(Records contained in a dataset)

****

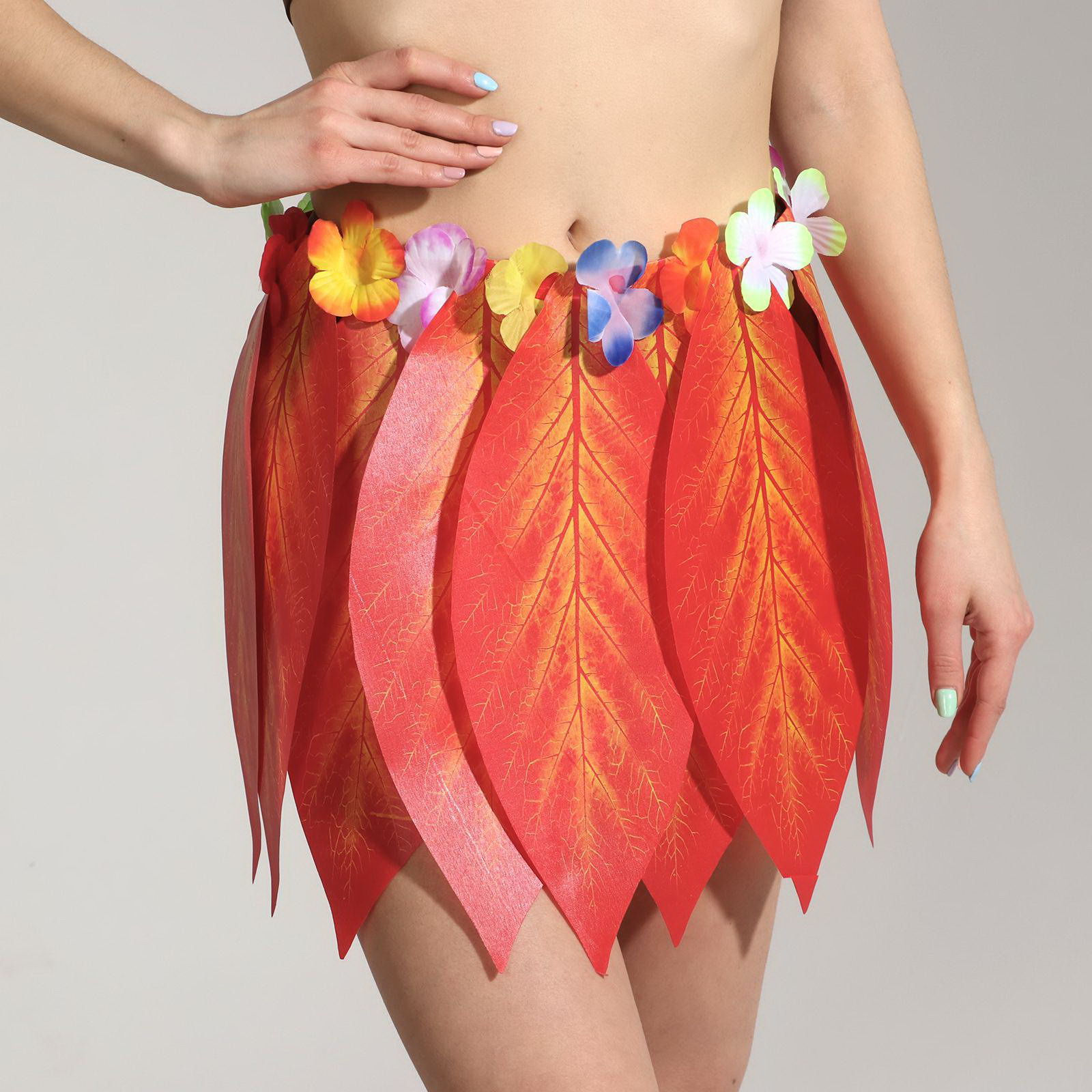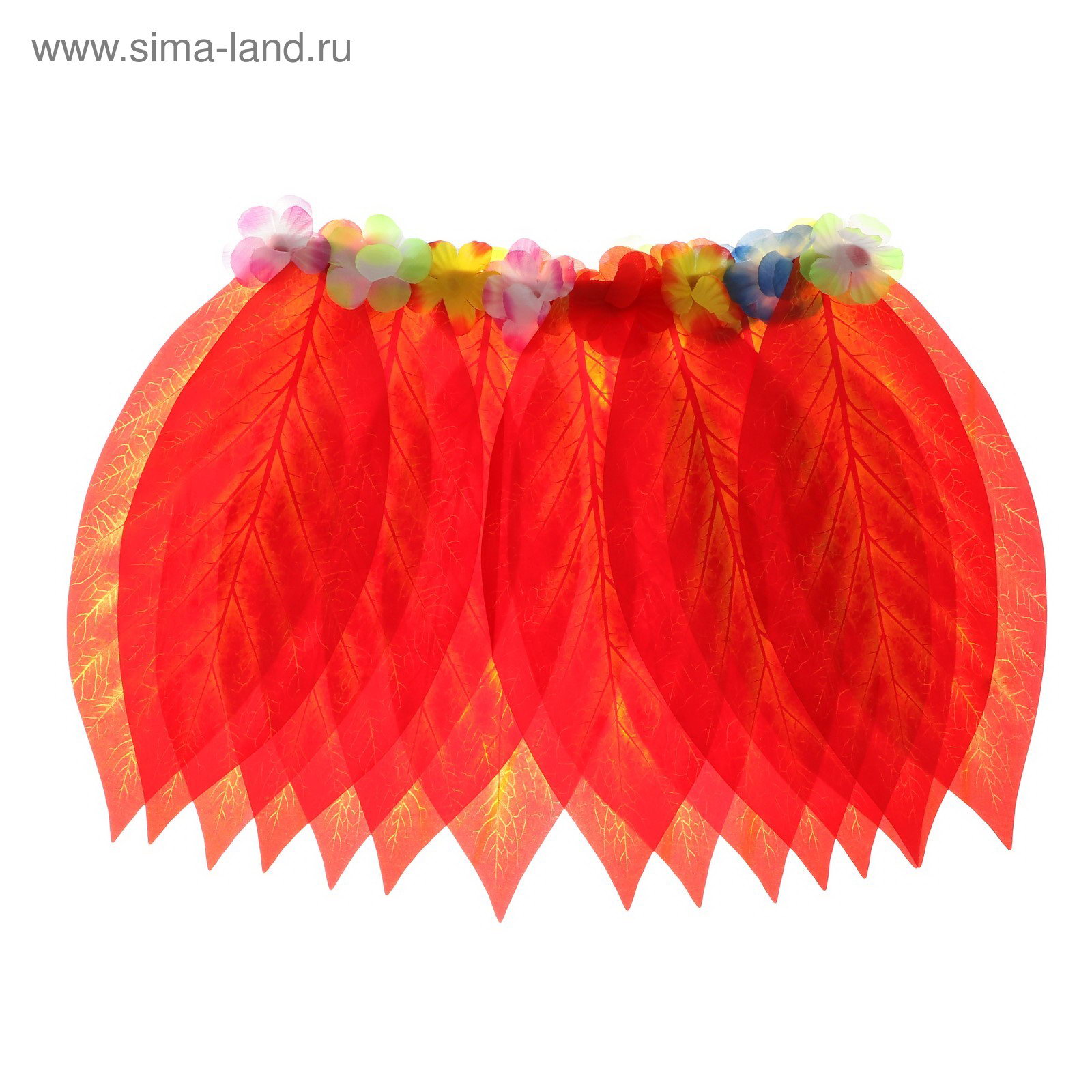 Гавайская юбка "Листики красные и цветочки" 36 см, 36x0.2x36 см., Страна Карнавалия, Китай
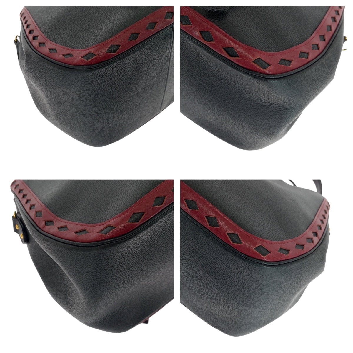 16823 YVES SAINT LAURENT イヴ サンローラン ヴィンテージ ダイヤカット ブラック 黒 レッド ゴールド金具 レザー ショルダーバッグ ハンドバッグ レディース ABP50
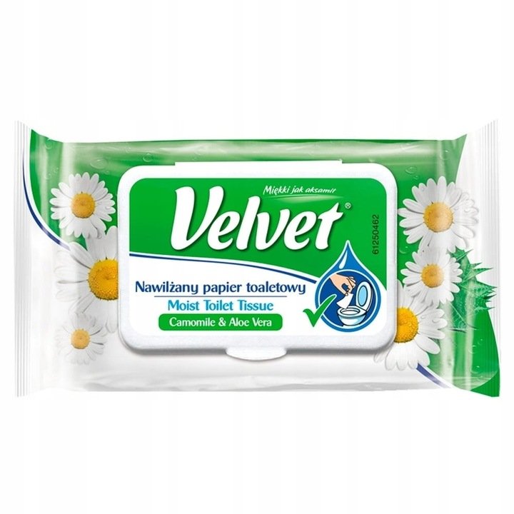 Papier nawilżany Velvet rumianek z dodatkiem aloesu delikatnie oczyszcza i odświeża skórę podczas wizyt w toalecie oraz w podróży. Miękka włóknina i kojący zapach rumianku zwiększają komfort, a praktyczna klapka chroni chusteczki przed wysychaniem. Materiał jest biodegradowalny; zużyte chusteczki spłukuj pojedynczo.
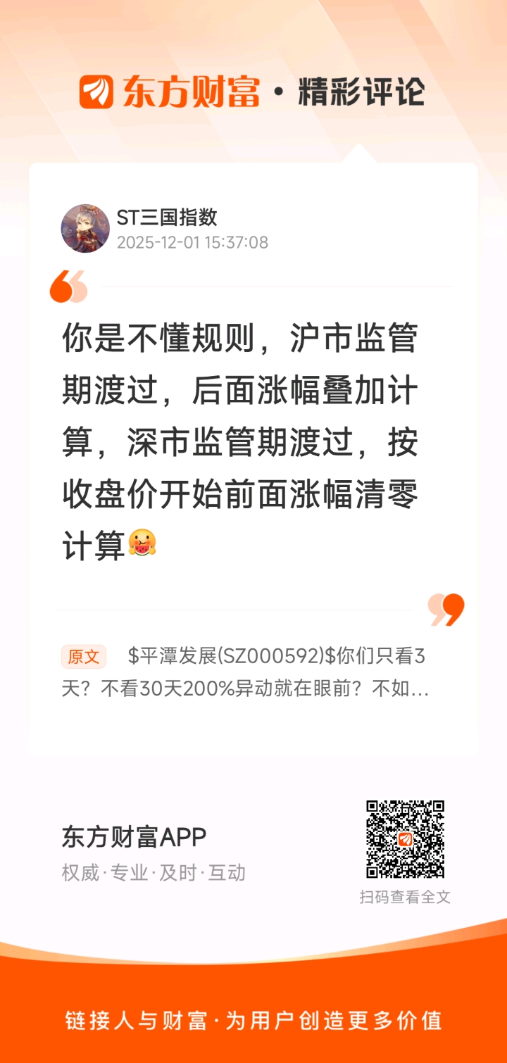 //@ST三国指数 :你是不懂规则,沪市监管期渡过,后面涨幅叠加计算,深市监管期渡过,按收盘价开始前面涨幅清零计算
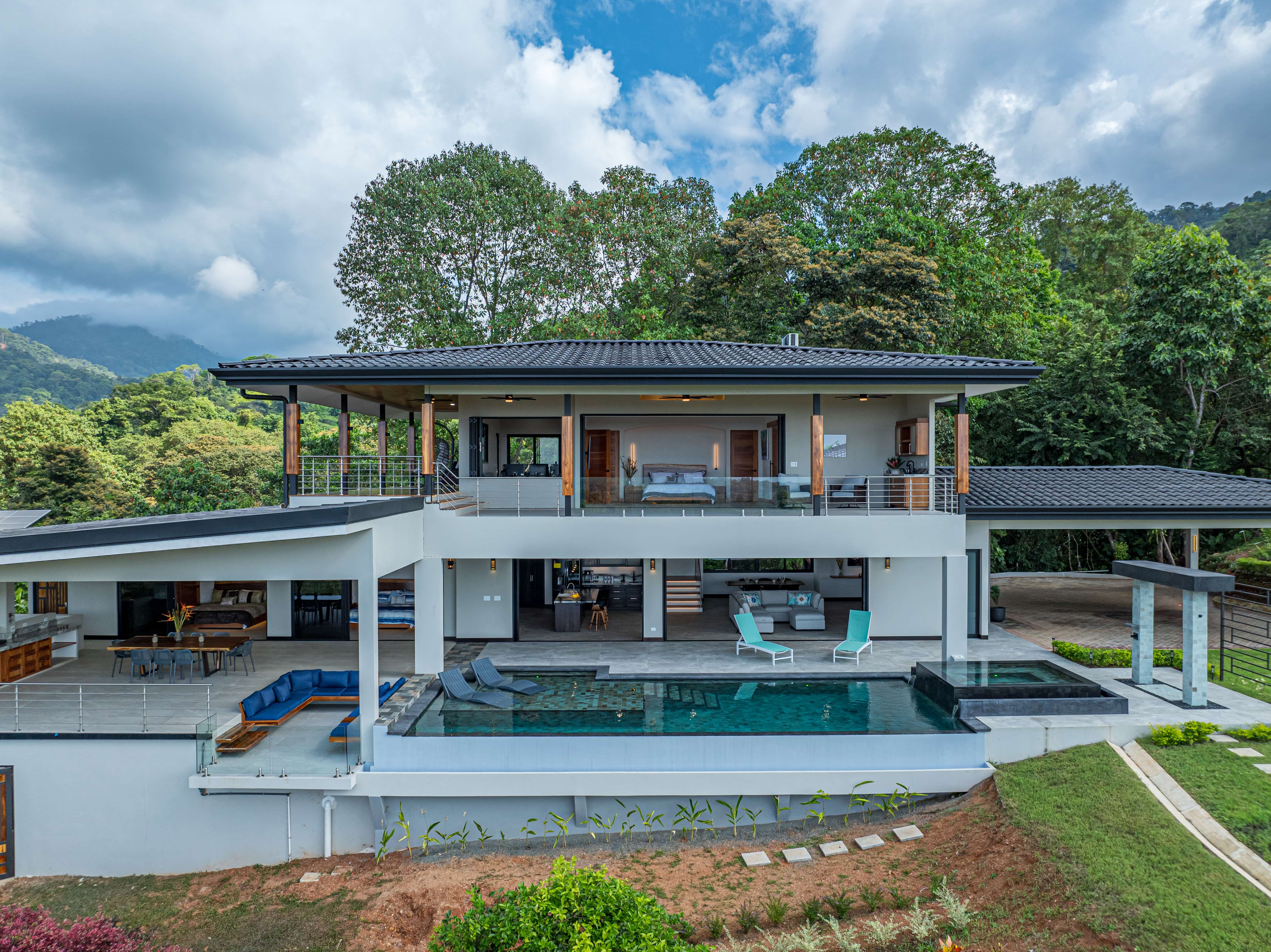 Nestled atop a pristine, forested hillside with uninterrupted ocean panoramas and breathtaking year-round sunsets, The Crystal Shire is a sanctuary of refined living and self-sufficiency. Spanning four acres of lush Costa Rican paradise, this estate seamlessly merges architectural excellence with natural splendor — all within minutes of the coastal highway and the Pez Vela Marina, a hospital, a regional airport, and Manuel Antonio National Park.
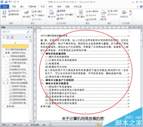 2、要处理此问题,就要知道该问题的成因,原因是第四小点的内容并没有以段落的形式存在,而是以正文的形式存在,现在,只要用格式刷把其他正常的段落的格式复制到第四小点的内容里,就可以看到"导航"里面已经显示正常了。
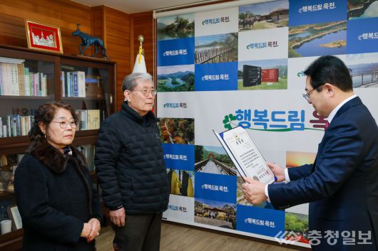 황규철 옥천군수가 고 송재남 하사의 장남 송완영씨 부부에게 화랑무공훈장을 전수하고 있다. |
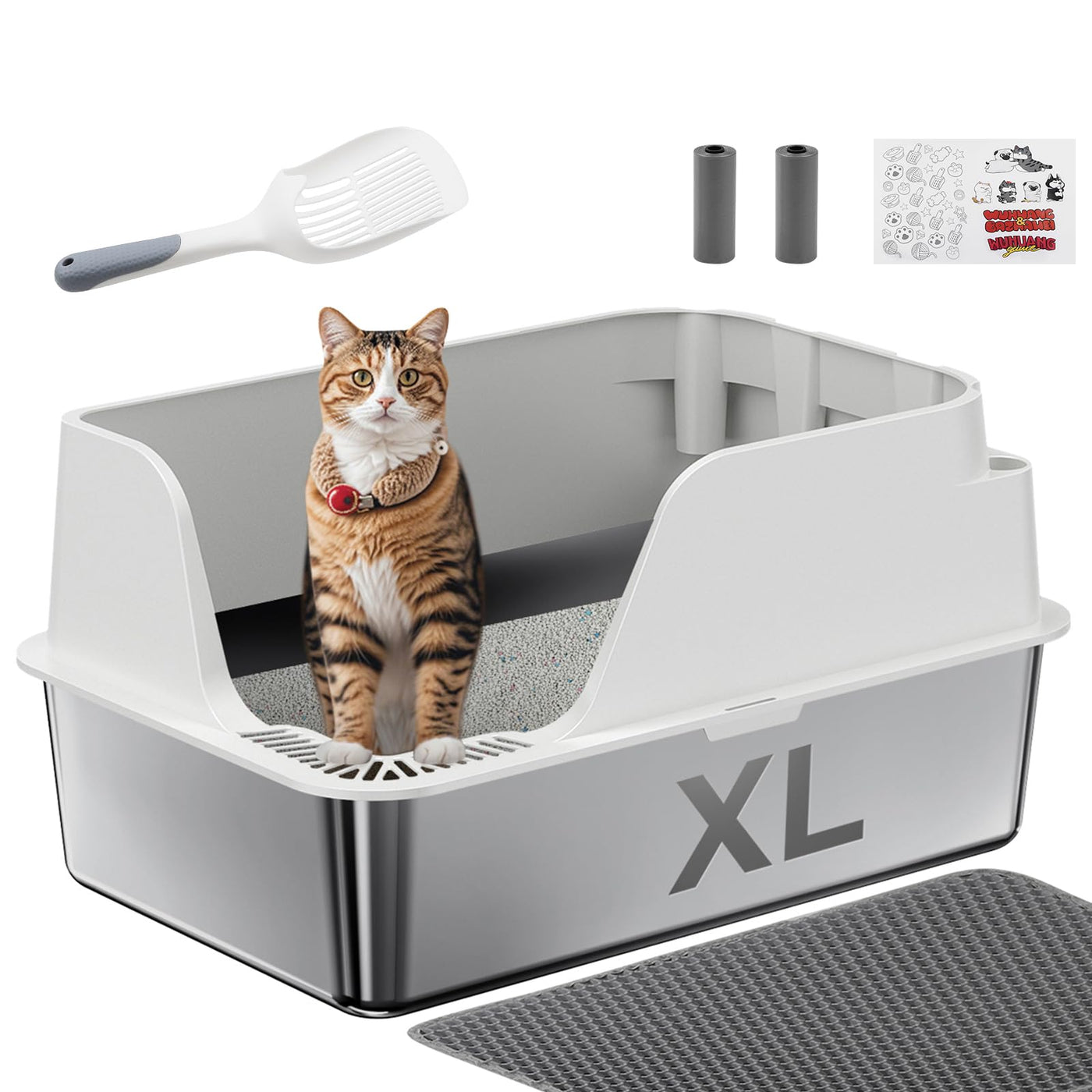 Stainless Steel Litter Box With Lid, Xl Extra Large Metal Litter Box For Big Cats, With High Sided, Anti Leakage,Odor-Free & Eas
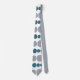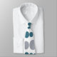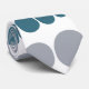 Cette cravate a un design moderne du milieu du siècle de rectangles arrondis turquoises et gris de taille croissante et décroissante qui tournent horizontalement sur un champ de blanc.

****

• **Aim of the task**
Exclude the pictures. Write out the remaining data exactly.

• **Answer to this exercise**
 Гавайская юбка "Листики красные и цветочки" 36 см, 36x0.2x36 см., Страна Карнавалия, Китай
 16823 YVES SAINT LAURENT イヴ サンローラン ヴィンテージ ダイヤカット ブラック 黒 レッド ゴールド金具 レザー ショルダーバッグ ハンドバッグ レディース ABP50
 Papier nawilżany Velvet rumianek z dodatkiem aloesu delikatnie oczyszcza i odświeża skórę podczas wizyt w toalecie oraz w podróży. Miękka włóknina i kojący zapach rumianku zwiększają komfort, a praktyczna klapka chroni chusteczki przed wysychaniem. Materiał jest biodegradowalny; zużyte chusteczki spłukuj pojedynczo.
 //@ST三国指数 :你是不懂规则,沪市监管期渡过,后面涨幅叠加计算,深市监管期渡过,按收盘价开始前面涨幅清零计算
 Nestled atop a pristine, forested hillside with uninterrupted ocean panoramas and breathtaking year-round sunsets, The Crystal Shire is a sanctuary of refined living and self-sufficiency. Spanning four acres of lush Costa Rican paradise, this estate seamlessly merges architectural excellence with natural splendor — all within minutes of the coastal highway and the Pez Vela Marina, a hospital, a regional airport, and Manuel Antonio National Park.
 2、要处理此问题,就要知道该问题的成因,原因是第四小点的内容并没有以段落的形式存在,而是以正文的形式存在,现在,只要用格式刷把其他正常的段落的格式复制到第四小点的内容里,就可以看到"导航"里面已经显示正常了。
 황규철 옥천군수가 고 송재남 하사의 장남 송완영씨 부부에게 화랑무공훈장을 전수하고 있다. |
 Stainless Steel Litter Box With Lid, Xl Extra Large Metal Litter Box For Big Cats, With High Sided, Anti Leakage,Odor-Free & Eas
 Cette cravate a un design moderne du milieu du siècle de rectangles arrondis turquoises et gris de taille croissante et décroissante qui tournent horizontalement sur un champ de blanc.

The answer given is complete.